João Azevêdo, candidato ao Senado, defende investimentos em infraestrutura para impulsionar a geração de emprego e renda nos municípios da Paraíba, destacando projetos em andamento.
Foto: Polêmica Paraíba

O candidato ao Senado, João Azevêdo, enfatizou a importância de investimentos em infraestrutura como forma de atrair empresas e aumentar a geração de emprego e renda nos municípios paraibanos. Durante uma entrevista à BandNews João Pessoa, ele mencionou iniciativas como novas adutoras, ligações rodoviárias e projetos associados à Ponte do Futuro como fundamentais para criar oportunidades econômicas.

João destacou que o desenvolvimento é viável apenas com infraestrutura adequada e investimentos. Ele ressaltou que a Paraíba está implementando um grande programa de interligação entre regiões, visando reduzir custos de frete e facilitar a comunicação interna do estado.

O problema maior continua sendo continuar gerando emprego e renda, porque emprego e renda significa melhoria de qualidade de vida das pessoas — afirmou.

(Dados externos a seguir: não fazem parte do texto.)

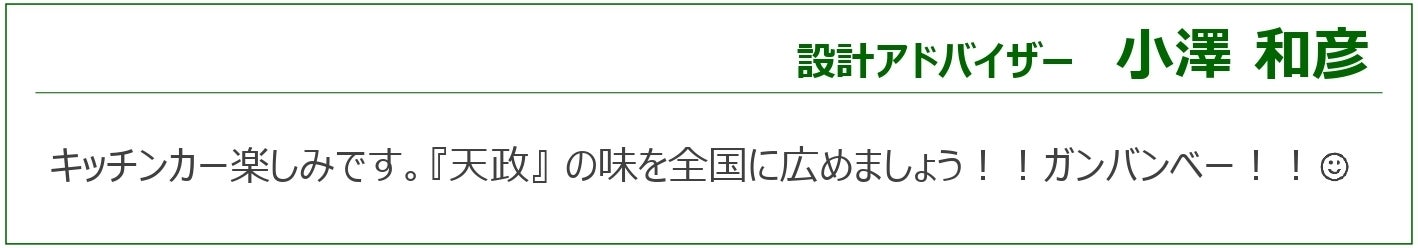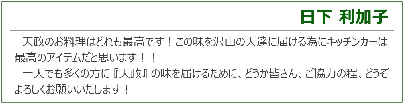 今回、より多くのお客さまに「天政の味」をお届けするため、キッチンカー導入を目指してクラウドファンディングに挑戦することにしました。どうか、みなさまのあたたかいご支援をよろしくお願いいたします。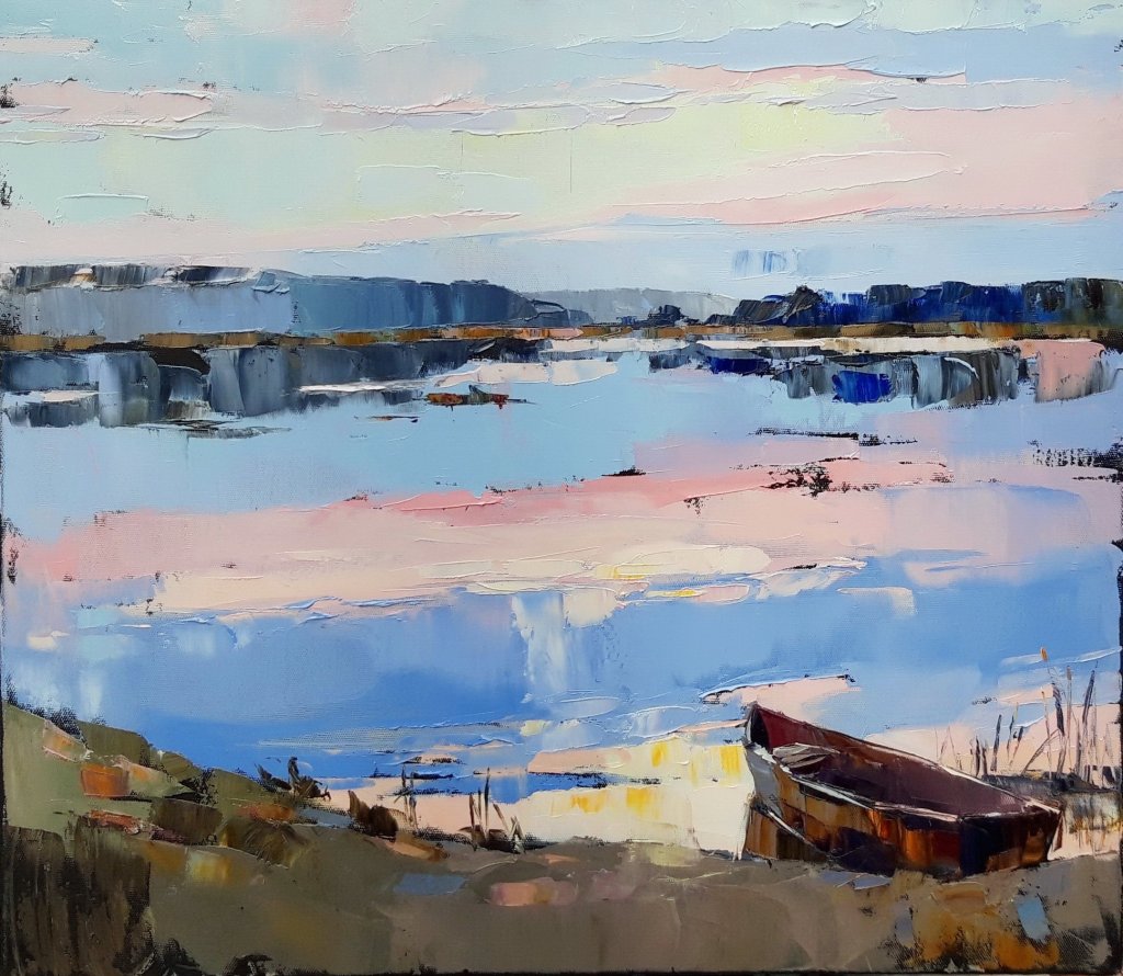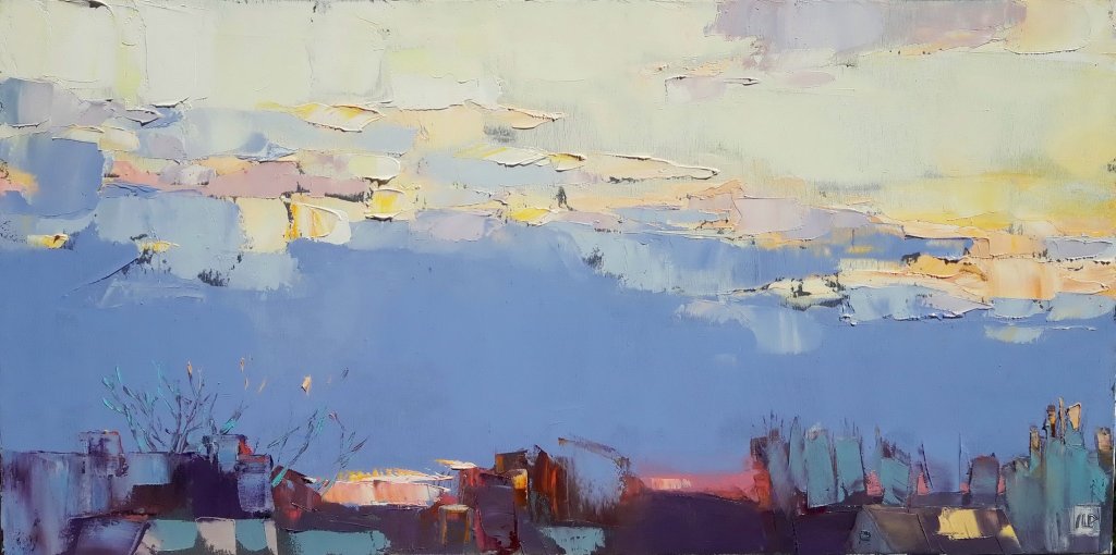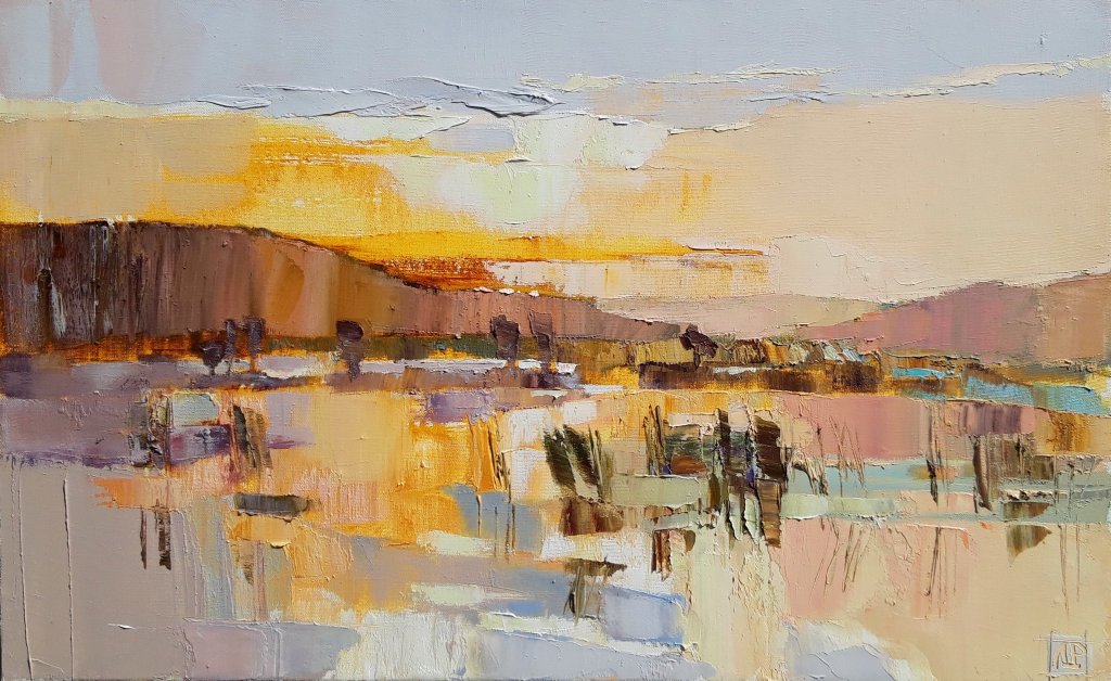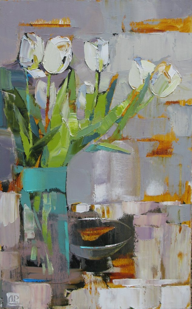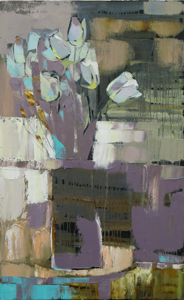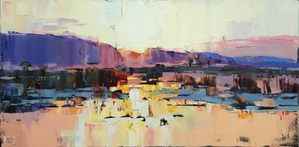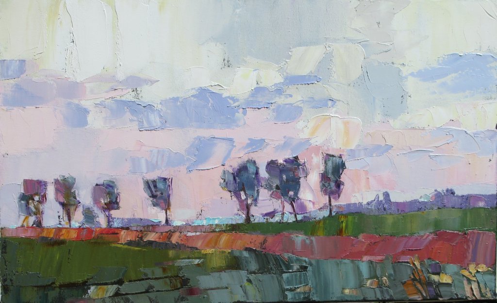 But back to this post and Mrs. Ros. She has a distinguished style. What looks just like various spaces of colour on first glances pieces itself together to form, what the artist intents to depict: a landscape, plant or manmade place. She uses bold strokes of brush and pallet knife to capture her view of the world. I like it a lot. Hope, you do, too.

Na área de recursos hídricos, o candidato mencionou a construção de duas adutoras com 780 quilômetros de tubulações, que visam garantir a segurança no abastecimento de água no Cariri e no Curimataú. Ele relacionou a chegada da água da transposição a municípios como Picuí e Baraúna à capacidade de atrair novos negócios, afirmando que

ninguém coloca uma fábrica que precisa de água num lugar que não tem água

.

João também citou pelo menos quatro projetos em Santa Rita, que surgem a partir da construção da Ponte do Futuro, englobando empreendimentos residenciais, comerciais e logísticos. Além disso, mencionou um novo distrito industrial próximo ao Arco Metropolitano e à BR-230, e destacou o Centro de Convenções de Campina Grande como um atrativo para eventos que podem movimentar a economia local. "Tudo isso é geração de emprego, geração de renda, é a economia que roda", declarou.

Em relação à sua futura atuação no Senado, João Azevêdo defendeu uma maior participação da União no financiamento da segurança pública, propondo a criação de fundos constitucionais e a integração dos serviços de inteligência estaduais. Ele argumentou que é imprescindível que o Brasil tenha linhas de financiamento para garantir investimentos na segurança em todos os estados, buscando recursos e coordenação nacional para enfrentar o crime organizado, sem comprometer a autonomia das polícias estaduais.